Bucky frowns, biting his lip – Steve’s body has changed so much – _hell, I didn’t even know he had abs before_ – but his mind . . . His heart, is exactly the same. Looking at old photos, and getting all emotional. He was always kinda soft – but now, even this battle-hardened, strong-as-an-ox Steve cries looking at those pictures. The soldier knows who they’re of. 

_Steve misses me_ , he thinks. _He’s lonely, and he misses me._

 _And he needs me_. 

He starts to feel selfish: running away might have been what he wanted; watching him might be interesting to him, and what he needs, but what does _Steve_ need? 

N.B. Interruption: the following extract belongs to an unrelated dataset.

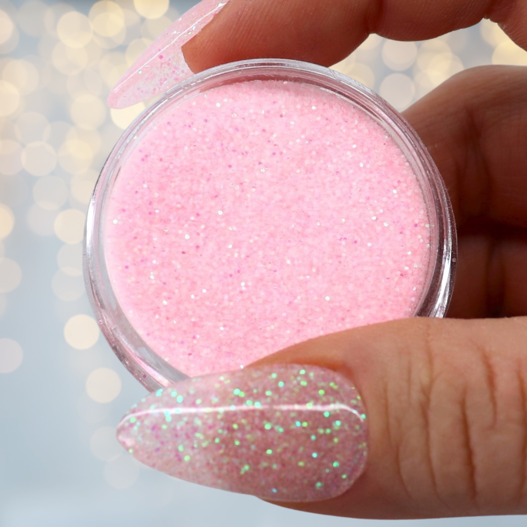 Bright and cheerful, Sweet Pea is a playful pink dip powder infused with iridescent glitter for a sparkling, eye-catching finish. Perfect for adding a touch of fun and femininity to your manicure.

Everyone knows that Steve went away searching for the Winter Soldier for a few months, before moving into this apartment (apparently his old bank account gained quite a bit of interest, since 1944) – but he never found him. 

And he never will. Because Sergeant James Barnes – while he has the Winter Soldier’s arm, and killer instinct, and combat skills – is determined never to be him, ever again. Right now – tentatively – he likes to think of himself as close to becoming Bucky again.  
Well – as close as he's ever going to get. 

So, why not go to him? Why not go and put Steve out of his misery, instead of prolonging it? . . . Because he’s scared of rejection: he isn’t that old Bucky, and perhaps he never will be – will Steve accept him, as he is, now? 

If there’s one thing Sergeant Barnes does know, it’s that the old Bucky would face this – would face anything – for Steve. This is just like every other situation where Steve was getting beat up – whether by some bully, or by himself – and Bucky had the power to stop it. 

He can stop it this time, too. He owes him that much. 

He returns to his night-time hiding place – an abandoned warehouse, where he stores his meagre few possessions (stolen clothes, and food taken from the back of a van) – and stares down at the jacket – also stolen – that he took from the Captain America exhibit, at the museum in DC. _Everything I have is stolen_ , he thinks. 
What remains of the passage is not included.